→ **About this exercise**: What is needed is an exact copy of the lines in the entries below from the one holding "Matière bloc-porte : chêne massif lamellé" through the one holding "Ter plaatse kan", pictures excluded.

[Items from a data source]
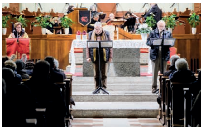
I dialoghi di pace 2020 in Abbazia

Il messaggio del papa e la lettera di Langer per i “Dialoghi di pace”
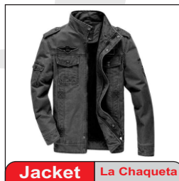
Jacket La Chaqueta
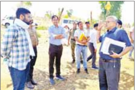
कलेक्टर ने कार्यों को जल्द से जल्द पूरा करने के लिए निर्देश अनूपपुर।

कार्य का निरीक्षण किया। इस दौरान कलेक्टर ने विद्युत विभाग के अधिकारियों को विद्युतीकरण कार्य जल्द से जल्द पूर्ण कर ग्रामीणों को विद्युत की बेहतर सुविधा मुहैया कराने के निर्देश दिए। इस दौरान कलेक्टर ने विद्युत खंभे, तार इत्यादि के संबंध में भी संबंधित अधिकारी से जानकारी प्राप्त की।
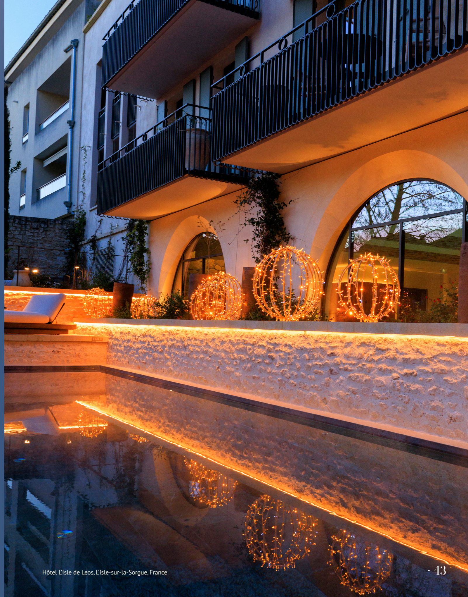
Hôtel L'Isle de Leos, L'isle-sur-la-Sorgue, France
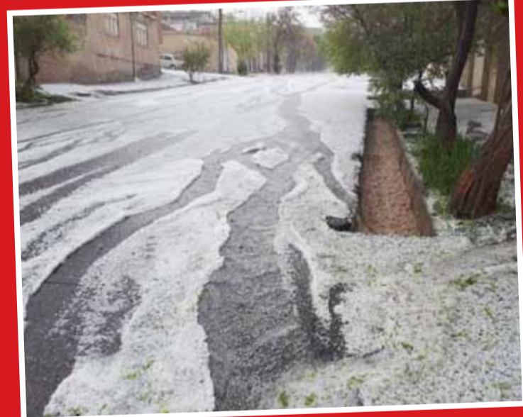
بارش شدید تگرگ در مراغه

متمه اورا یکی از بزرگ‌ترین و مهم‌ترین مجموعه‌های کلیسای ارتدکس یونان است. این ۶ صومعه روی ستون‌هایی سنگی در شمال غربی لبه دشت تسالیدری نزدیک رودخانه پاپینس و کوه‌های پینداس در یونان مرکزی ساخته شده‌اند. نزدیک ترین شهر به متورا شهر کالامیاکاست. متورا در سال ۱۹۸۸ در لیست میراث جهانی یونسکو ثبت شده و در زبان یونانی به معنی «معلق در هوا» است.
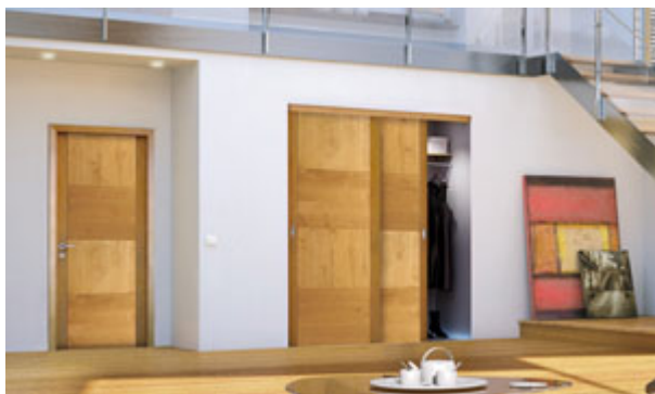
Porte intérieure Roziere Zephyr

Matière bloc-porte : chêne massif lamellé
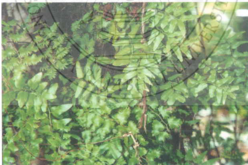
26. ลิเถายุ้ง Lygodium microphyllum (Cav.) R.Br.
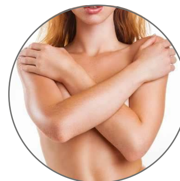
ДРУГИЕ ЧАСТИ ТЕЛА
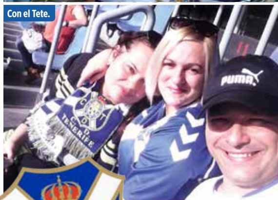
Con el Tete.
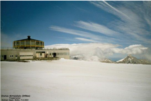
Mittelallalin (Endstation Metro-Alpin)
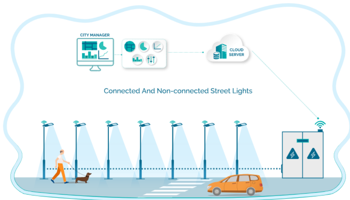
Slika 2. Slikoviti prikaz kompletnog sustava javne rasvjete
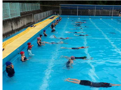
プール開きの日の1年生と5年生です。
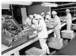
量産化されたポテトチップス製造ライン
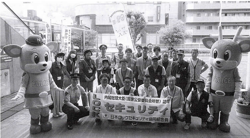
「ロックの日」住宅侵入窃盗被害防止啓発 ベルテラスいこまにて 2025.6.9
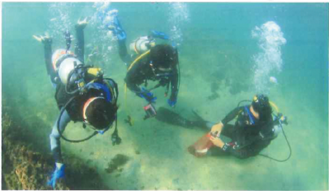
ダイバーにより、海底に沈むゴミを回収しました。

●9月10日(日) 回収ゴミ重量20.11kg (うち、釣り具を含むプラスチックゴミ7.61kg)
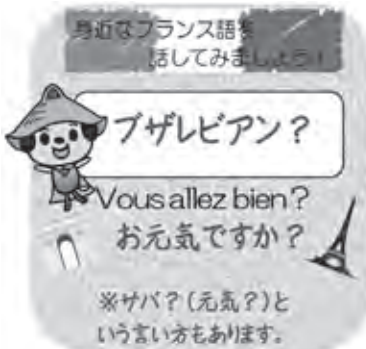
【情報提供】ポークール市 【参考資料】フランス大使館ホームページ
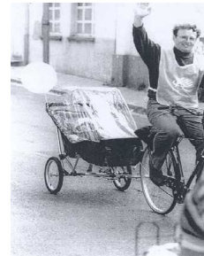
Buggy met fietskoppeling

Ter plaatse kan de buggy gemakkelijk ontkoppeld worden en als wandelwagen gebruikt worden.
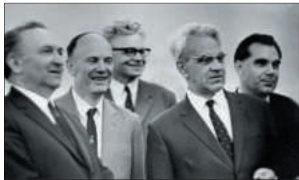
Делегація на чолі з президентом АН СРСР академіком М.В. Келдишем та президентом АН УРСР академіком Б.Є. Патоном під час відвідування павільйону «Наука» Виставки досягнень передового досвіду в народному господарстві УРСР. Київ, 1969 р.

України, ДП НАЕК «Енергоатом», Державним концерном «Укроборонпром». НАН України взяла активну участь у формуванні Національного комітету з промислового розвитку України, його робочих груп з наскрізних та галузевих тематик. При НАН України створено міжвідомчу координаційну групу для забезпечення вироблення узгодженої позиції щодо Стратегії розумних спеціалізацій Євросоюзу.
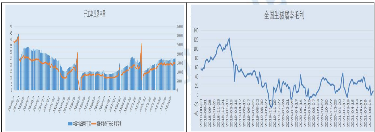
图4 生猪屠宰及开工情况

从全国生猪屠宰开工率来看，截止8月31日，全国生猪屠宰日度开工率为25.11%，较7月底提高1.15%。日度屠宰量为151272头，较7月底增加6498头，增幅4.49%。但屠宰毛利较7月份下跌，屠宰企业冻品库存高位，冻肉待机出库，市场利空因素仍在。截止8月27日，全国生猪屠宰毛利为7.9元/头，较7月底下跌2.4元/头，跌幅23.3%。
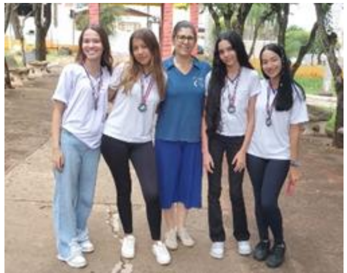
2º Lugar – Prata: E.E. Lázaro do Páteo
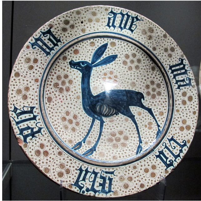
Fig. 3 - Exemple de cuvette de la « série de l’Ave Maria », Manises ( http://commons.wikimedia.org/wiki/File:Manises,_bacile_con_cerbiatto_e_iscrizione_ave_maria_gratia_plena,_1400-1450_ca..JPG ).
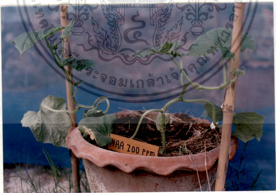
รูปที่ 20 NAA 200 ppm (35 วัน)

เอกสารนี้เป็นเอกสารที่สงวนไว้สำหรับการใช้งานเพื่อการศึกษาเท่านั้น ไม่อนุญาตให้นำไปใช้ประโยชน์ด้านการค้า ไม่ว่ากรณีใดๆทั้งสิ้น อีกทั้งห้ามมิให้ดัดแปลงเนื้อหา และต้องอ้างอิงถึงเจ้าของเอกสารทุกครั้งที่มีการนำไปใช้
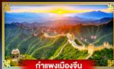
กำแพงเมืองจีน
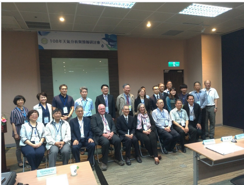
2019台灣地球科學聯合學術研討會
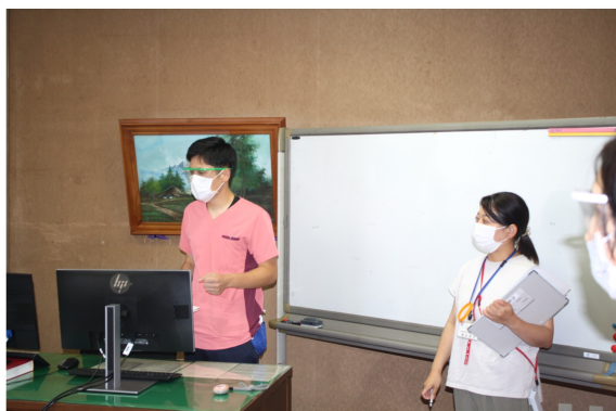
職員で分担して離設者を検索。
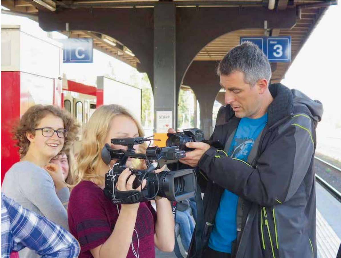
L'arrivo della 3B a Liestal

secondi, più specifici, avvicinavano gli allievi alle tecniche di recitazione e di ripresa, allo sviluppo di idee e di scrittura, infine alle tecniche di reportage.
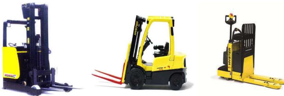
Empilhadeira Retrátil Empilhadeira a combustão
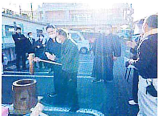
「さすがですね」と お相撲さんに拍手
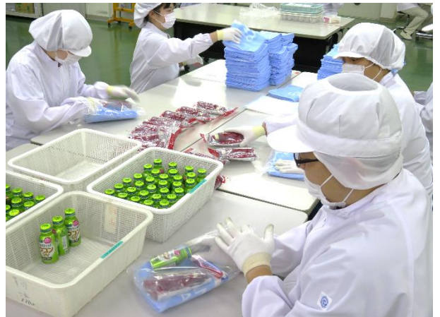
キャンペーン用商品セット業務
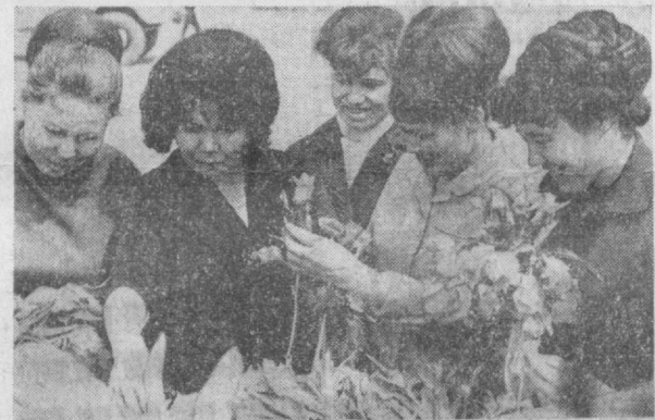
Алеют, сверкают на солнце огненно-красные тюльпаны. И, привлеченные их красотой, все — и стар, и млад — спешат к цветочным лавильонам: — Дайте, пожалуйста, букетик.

→ **Reply to the exercise**:
Matière bloc-porte : chêne massif lamellé
26. ลิเถายุ้ง Lygodium microphyllum (Cav.) R.Br.
ДРУГИЕ ЧАСТИ ТЕЛА
Con el Tete.
Mittelallalin (Endstation Metro-Alpin)
Slika 2. Slikoviti prikaz kompletnog sustava javne rasvjete
プール開きの日の1年生と5年生です。
量産化されたポテトチップス製造ライン
「ロックの日」住宅侵入窃盗被害防止啓発 ベルテラスいこまにて 2025.6.9
ダイバーにより、海底に沈むゴミを回収しました。

●9月10日(日) 回収ゴミ重量20.11kg (うち、釣り具を含むプラスチックゴミ7.61kg)
【情報提供】ポークール市 【参考資料】フランス大使館ホームページ
Buggy met fietskoppeling

Ter plaatse kan de buggy gemakkelijk ontkoppeld worden en als wandelwagen gebruikt worden.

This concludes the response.